THE INPUT:
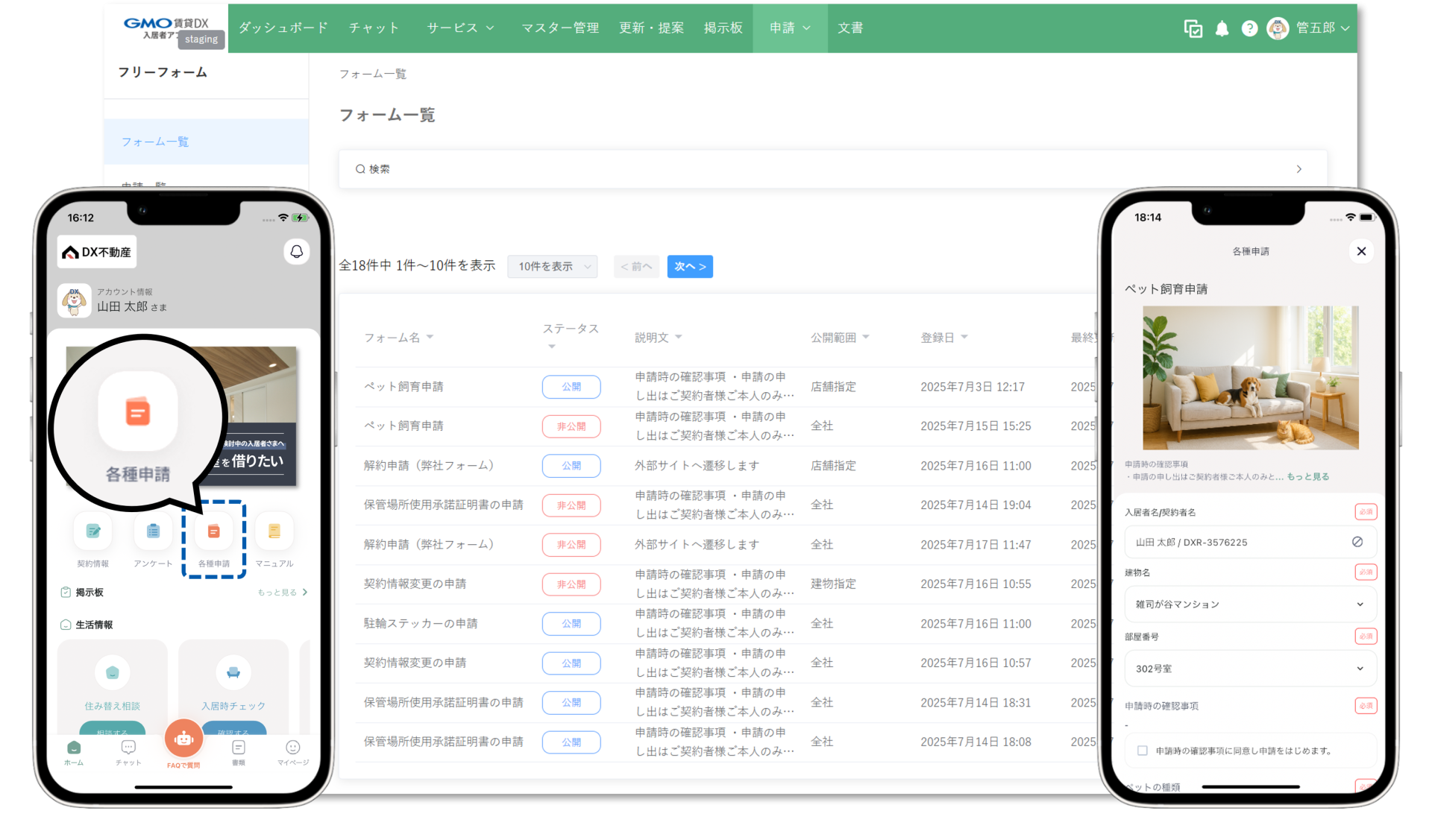 管理会社様は、「車庫証明の発行申請」や「ペット飼育の申請」など、各種申請受付用のフォームを自由に作成できます。
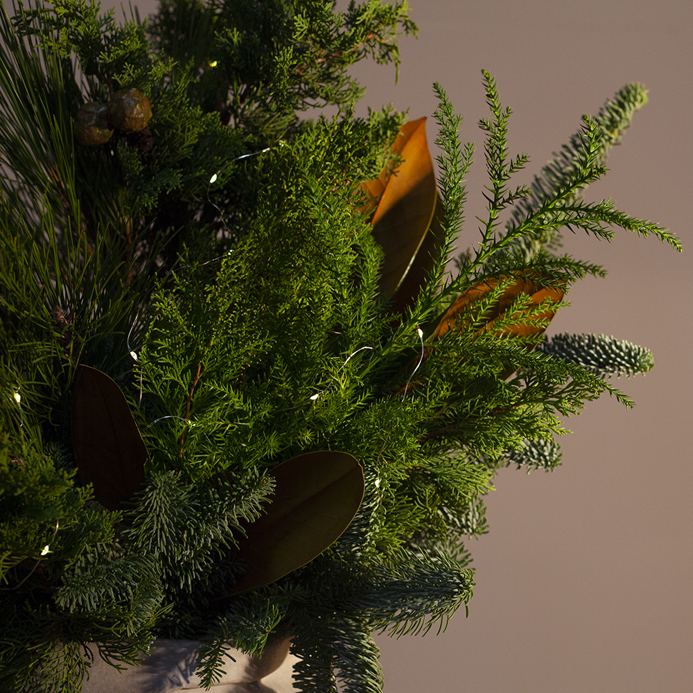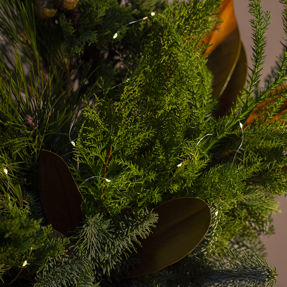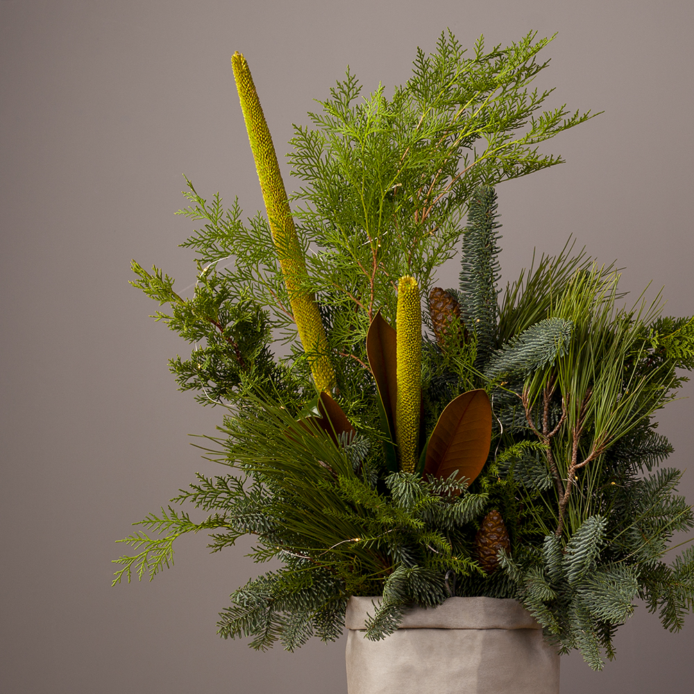 камыш крашенный 2, кипарис 1, магнолия 1, мерешка 1, нобилис 2, сосна 1, туя 2, оазис 6, коробка под композицию
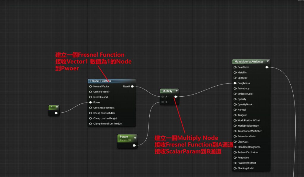首先建立一個Fresnel Function 接收Vector1 數值為1的Node 到Pwoer,接著建立一個Multiply Node 接收Fresnel Function到A通道 接收ScalarParam到B通道。
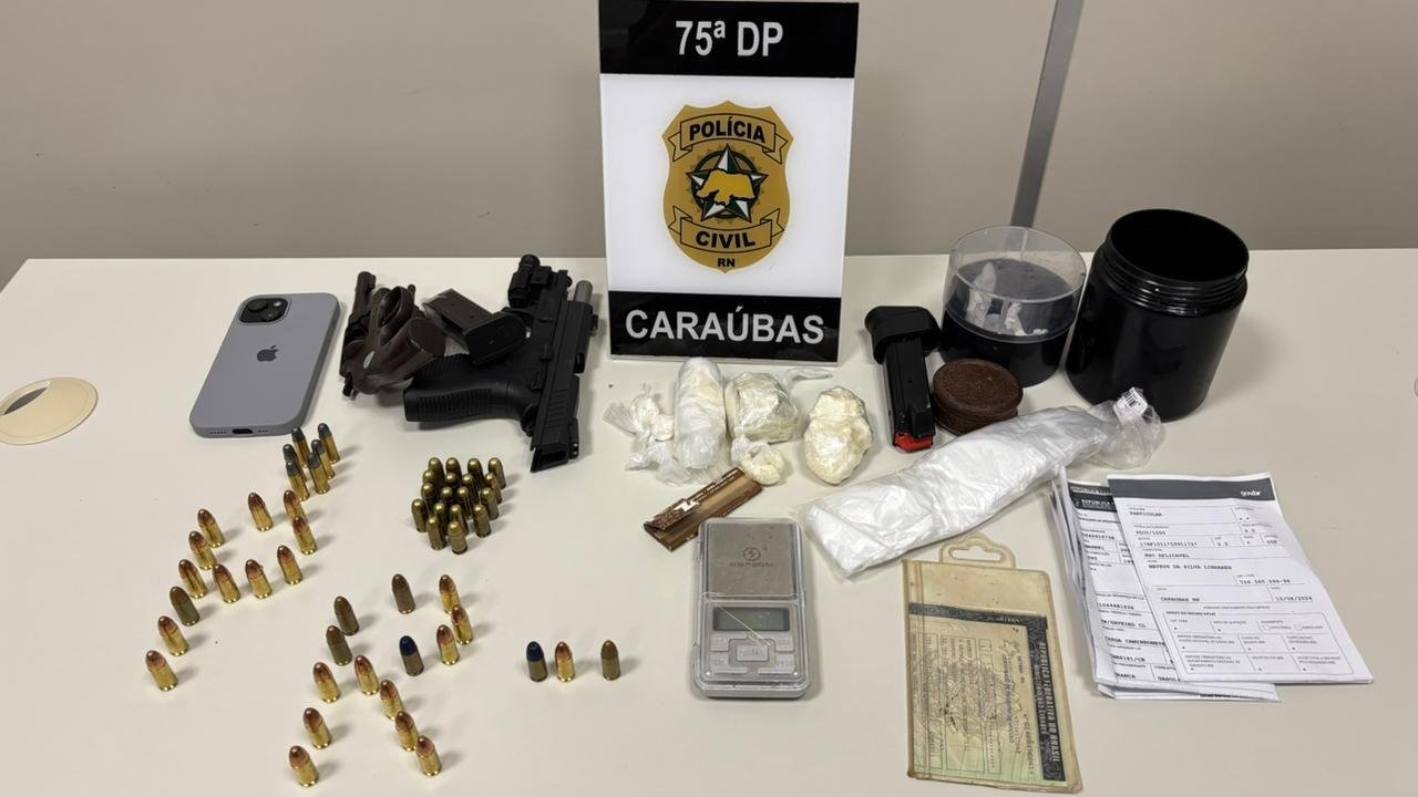 A Polícia Civil cumpriu um mandado de busca em uma casa em Caraúbas na última terça-feira (24) e encontrou armas carregadas, munições variadas e uma grande quantidade de drogas pronta para venda.
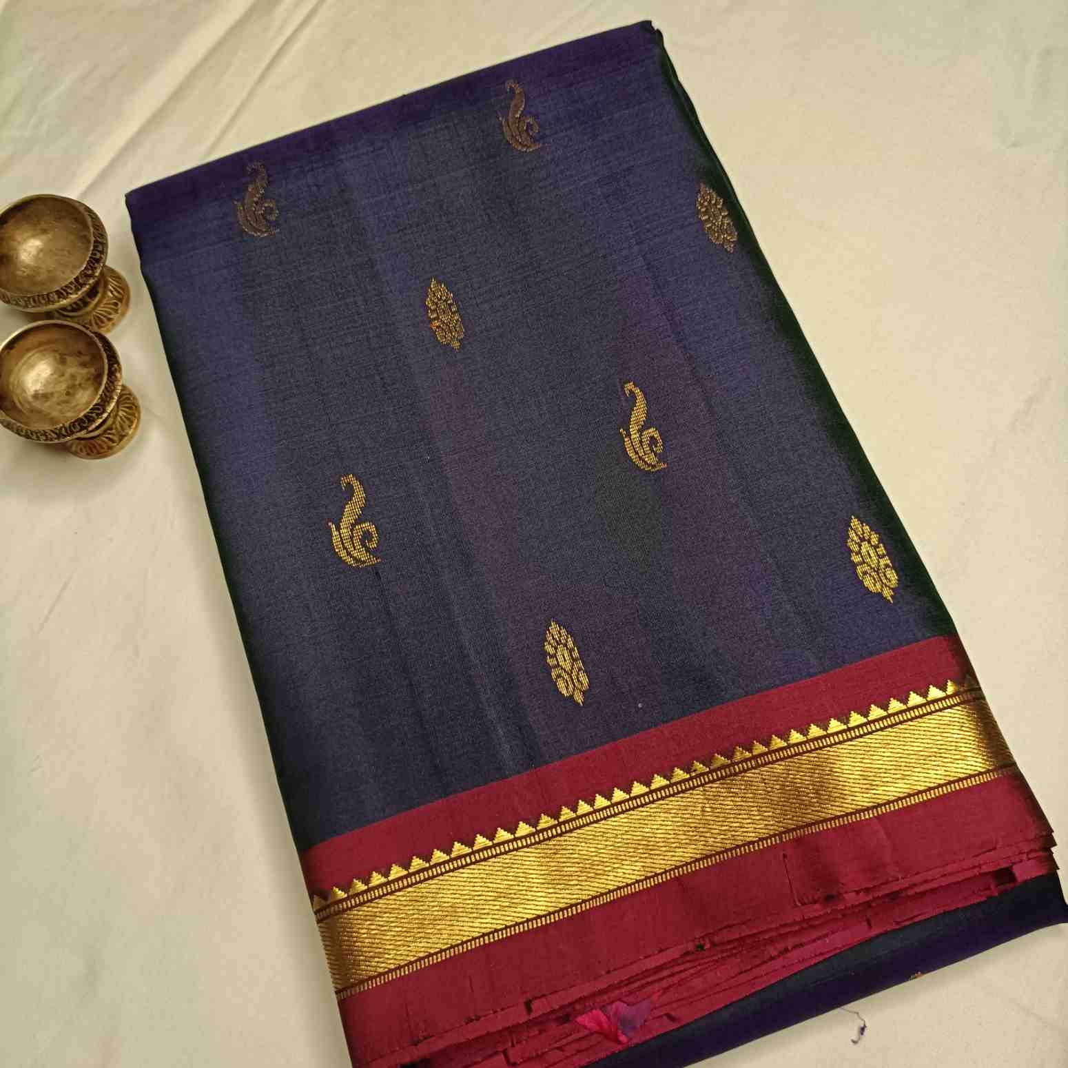 • Color: Navy Blue (Aazhi Neelam) with paakku & arakku / maroon tonal highlights
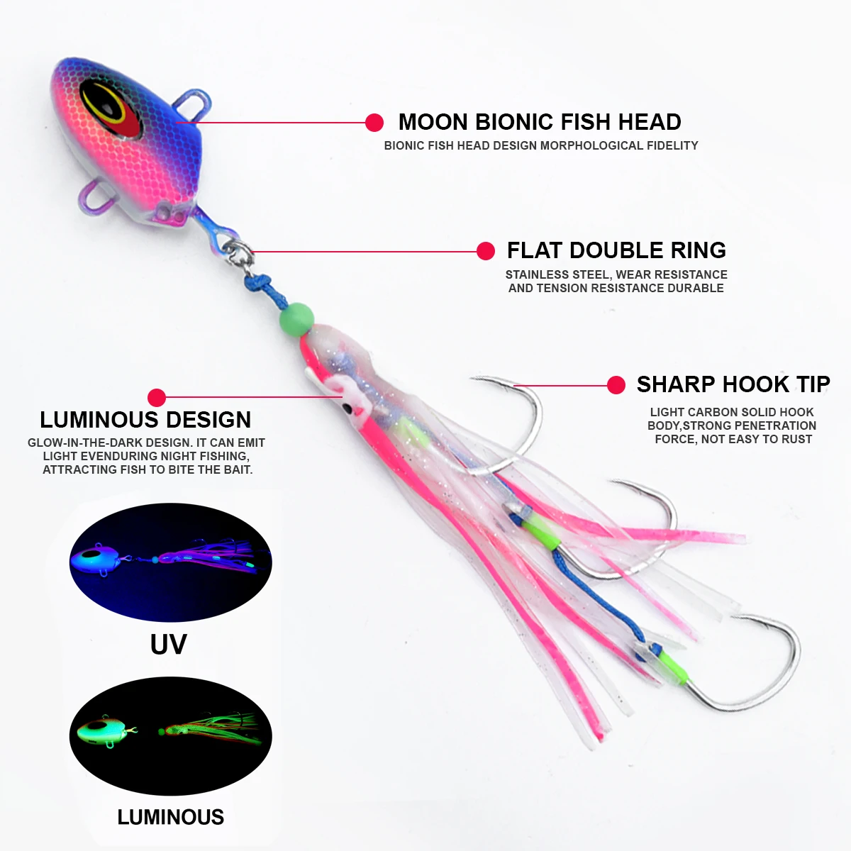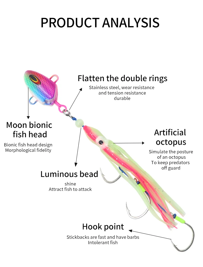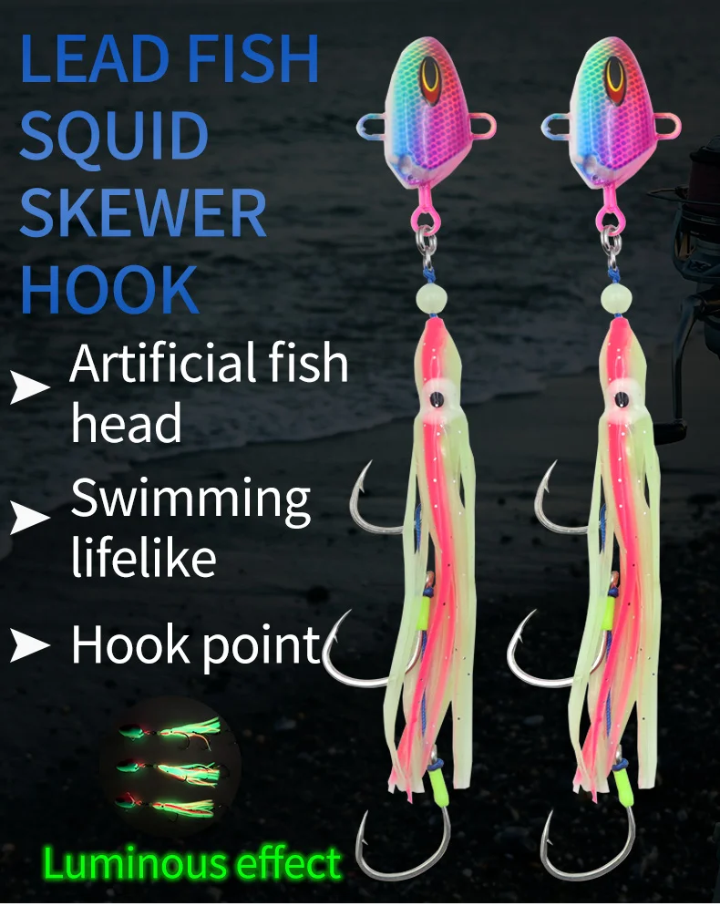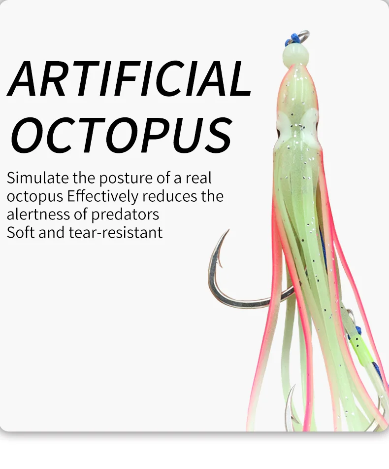 ZYZ JIG de pesca en el mar, 100/150/200G, cabeza de pez de plomo biónico + cebo suave de pulpo + anzuelos afilados, aparejos de anzuelos Ocean Baot

WHAT IS BEING ASKED:
The answer must be a word-for-word copy of all the entries, containing no pictures.

WORKED SOLUTION:
 管理会社様は、「車庫証明の発行申請」や「ペット飼育の申請」など、各種申請受付用のフォームを自由に作成できます。
 камыш крашенный 2, кипарис 1, магнолия 1, мерешка 1, нобилис 2, сосна 1, туя 2, оазис 6, коробка под композицию
首先建立一個Fresnel Function 接收Vector1 數值為1的Node 到Pwoer,接著建立一個Multiply Node 接收Fresnel Function到A通道 接收ScalarParam到B通道。
 A Polícia Civil cumpriu um mandado de busca em uma casa em Caraúbas na última terça-feira (24) e encontrou armas carregadas, munições variadas e uma grande quantidade de drogas pronta para venda.
 • Color: Navy Blue (Aazhi Neelam) with paakku & arakku / maroon tonal highlights
 ZYZ JIG de pesca en el mar, 100/150/200G, cabeza de pez de plomo biónico + cebo suave de pulpo + anzuelos afilados, aparejos de anzuelos Ocean Baot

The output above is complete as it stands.